# Thinking about hosting a craft fair



## SouthernEssence (Feb 26, 2008)

What do y'all think?

I would have it in my town's National Guard Armory or outdoors in the park.  I'm just now thinking about this so it would be a good year before I get everything straight and start advertizing for it.


----------



## Tabitha (Feb 26, 2008)

When would it be? Holidays time 2008 or 2009? I organized a show in my home town & it took a good 6 months to find 70 vendors & I i found by around July all the better crafters had their  Holiday shows for that year already booked.


----------



## SouthernEssence (Feb 26, 2008)

I seriously just started really thinking about it today.  It would be maybe next Spring when I actually have the show.  I don't want to do a Holiday show because there are so many HUGE Holiday shows that go on in my state that I wouldn't be able to compete with them.

How did your show go?


----------



## Birdie (Feb 27, 2008)

Hey! Ill be in NC in July for a show!
Plan, girl, plan.

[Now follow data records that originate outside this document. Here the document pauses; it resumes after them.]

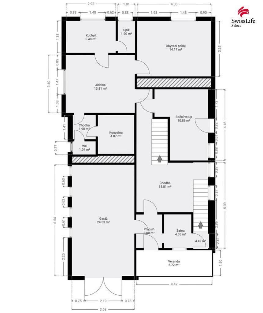 Dům působí jako místo, kde každý člen rodiny může psát svůj vlastní příběh a přitom zůstat součástí jednoho celku. Vlastní garáž s plochou 24 m2, kam dáte i velké auto a prostorný sklep Vám nabídne 46 m2 úložných prostor, včetně technického zázemí.
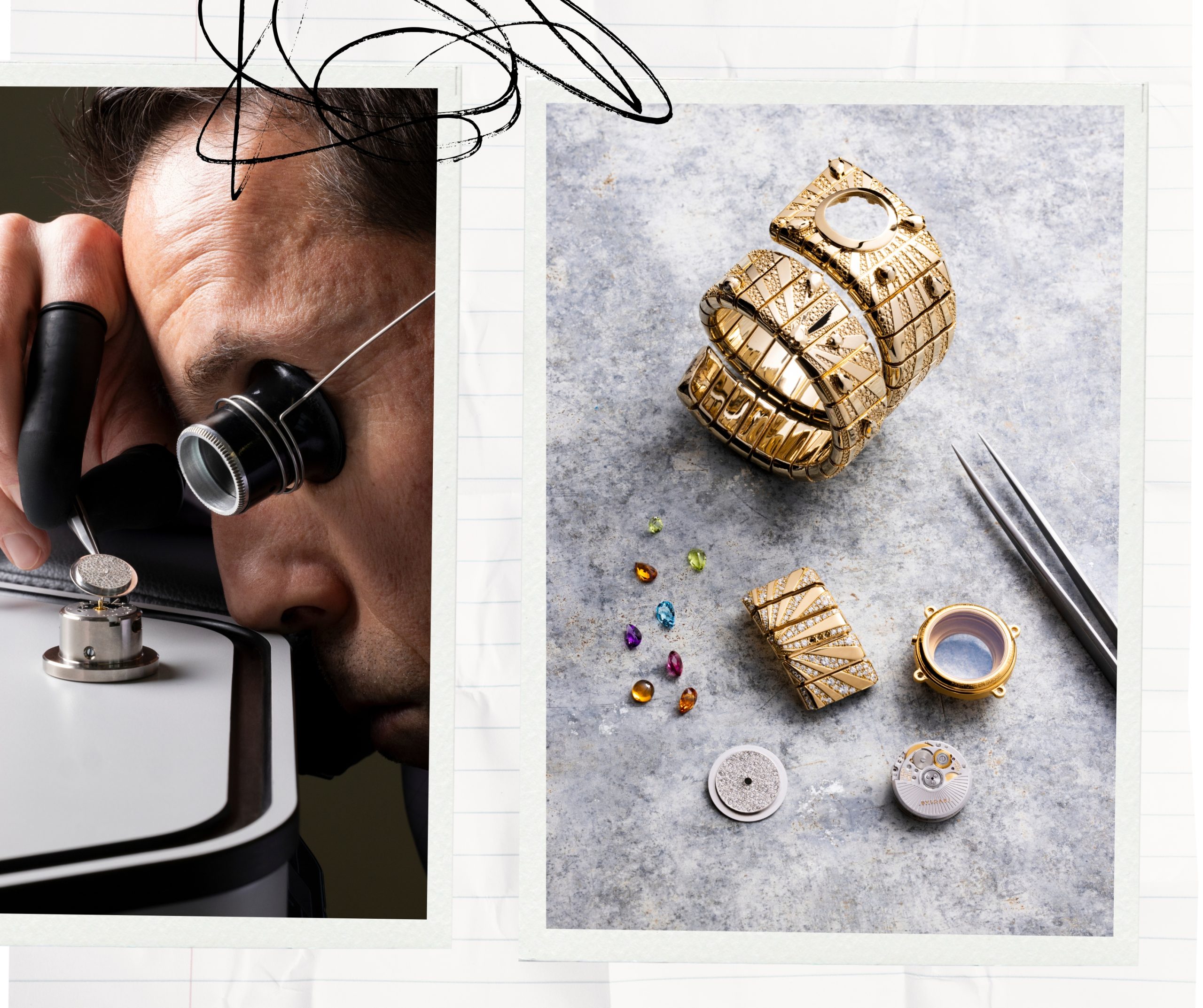 Tubogas apareció por primera vez en Bvlgari a inicios de los años cuarenta, inicialmente con formas serpentinas, y se consolidó en los setenta como uno de los códigos más reconocibles de la marca. El Tubogas Manchette recupera ese legado desde la arquitectura, con una esfera cuadrada integrada en un amplio brazalete de oro amarillo, que mantiene la flexibilidad característica del motivo Tubogas.
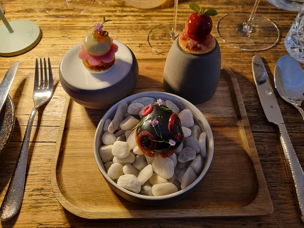 Zu unserem Tisch fanden dann auch drei handwerkliche Schmuckstücke ihren Weg zu unserem Tisch: Eine Dashi Macaron (oben links), ein Bruschetta mit einer Fake-Tomate (oben rechts) und eine Art Matjes-Praline. Alles sehr, sehr schön anzusehen und ein beeindruckender Einstieg in das Menü.

That's the key :wink:


----------



## breathenatural (Mar 5, 2008)

Sometimes I think hosting the show is where the money is at!!!

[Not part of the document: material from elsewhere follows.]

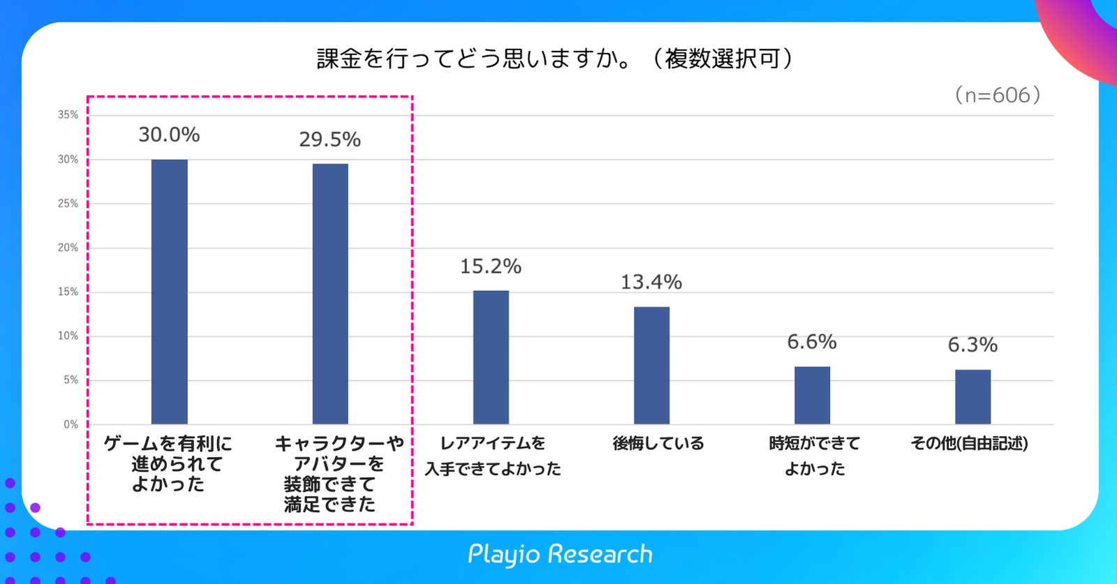 また課金をおこなった後の感想として、課金に「後悔している」が13.4%に対して、ゲームを有利に進められたりキャラクター・アバターを好みに装飾することができたなど、ポジティブ回答が上位に並んだ。
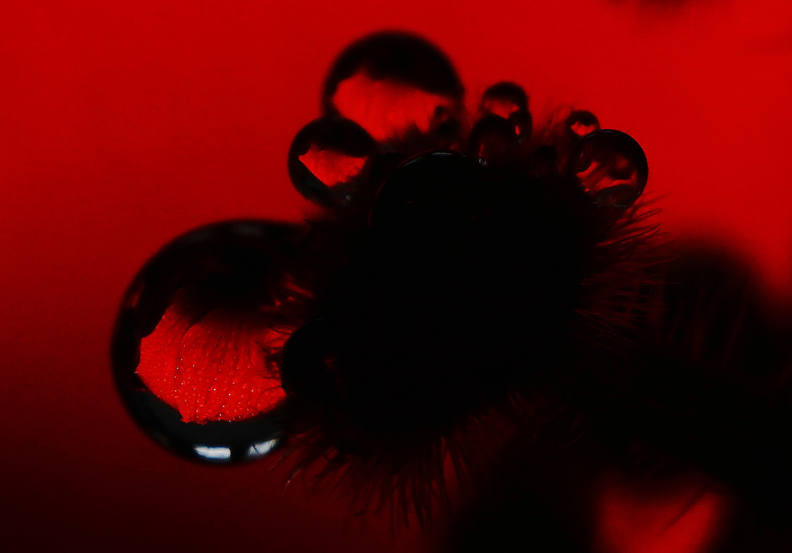 ハイビスカスの雌しべの先に溜まった水滴の中の花弁が妖艶でした。

There are so many that run around here, and they charge anywhere from $50-thousands...

I know a couple mom's who started a Mom show and were quite successful with it.  They first did a holiday one in November, charged for the booth, had each vendor send them 20 addresses or emails of potential people who would come, they sold their own goods at the show too, but I think hosting the show was the bread and butter for them.


----------